Universal’s Mummy sequels are:– The Mummy’s Hand (1940), The Mummy’s Tomb (1942), The Mummy’s Ghost (1944), The Mummy’s Curse (1944) and Abbott and Costello Meet the Mummy (1955). In all but the last of these, the mummy is referred to as Kharis instead of Im-ho-tep. In The Mummy’s Hand, the role was played by stuntman Tom Tyler and was then taken up in the subsequent sequels by Lon Chaney Jr, until the overtly comedic Abbott and Costello Meet the Mummy where it was played by stuntman Edwin Packer and renamed Klaris.

There were three remakes in Hammer’s The Mummy (1959) with Christopher Lee as the mummy, which essentially wrote its own story unrelated to this; and Stephen Sommers’ The Mummy (1999) with Arnold Vosloo as the mummy, which reconstructs the basics as an adventure film and has the mummy accompanied by an arsenal of CGI effects; and The Mummy (2017) starring Tom Cruise, another adventure film where the mummy is a woman (Sofia Boutella). The Summers film also produced two sequels with The Mummy Returns (2001) and The Mummy: Tomb of the Dragon Emperor (2008).

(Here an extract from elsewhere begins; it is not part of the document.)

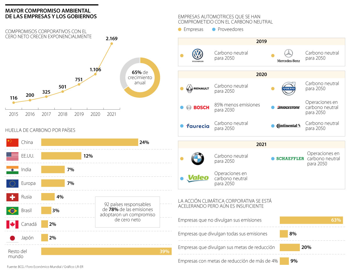 De acuerdo con un nuevo informe del Foro Económico Mundial y Boston Consulting Group, los compromisos de las empresas por alcanzar el cero neto de emisiones están en aumento de manera exponencial, con unas 2.169 empresas en todo el mundo que han establecido objetivos ambientales, en comparación con apenas 116 compañías que había en 2015, es decir que ha habido un crecimiento promedio de 65% anual, y de más de 1.600% en los últimos 7 años.

The Mummy has also made appearances in monster bashes like Mad Monster Party? (1967), Transylvania 6-5000 (1985) and The Monster Squad (1987). One intriguing project was the 60-minute film Kreating Karloff (2006), a mix of documentary and biopic where actor Connor Trimmis restages scenes from Frankenstein and The Mummy with he playing Boris Karloff and takes us behind the making of either film.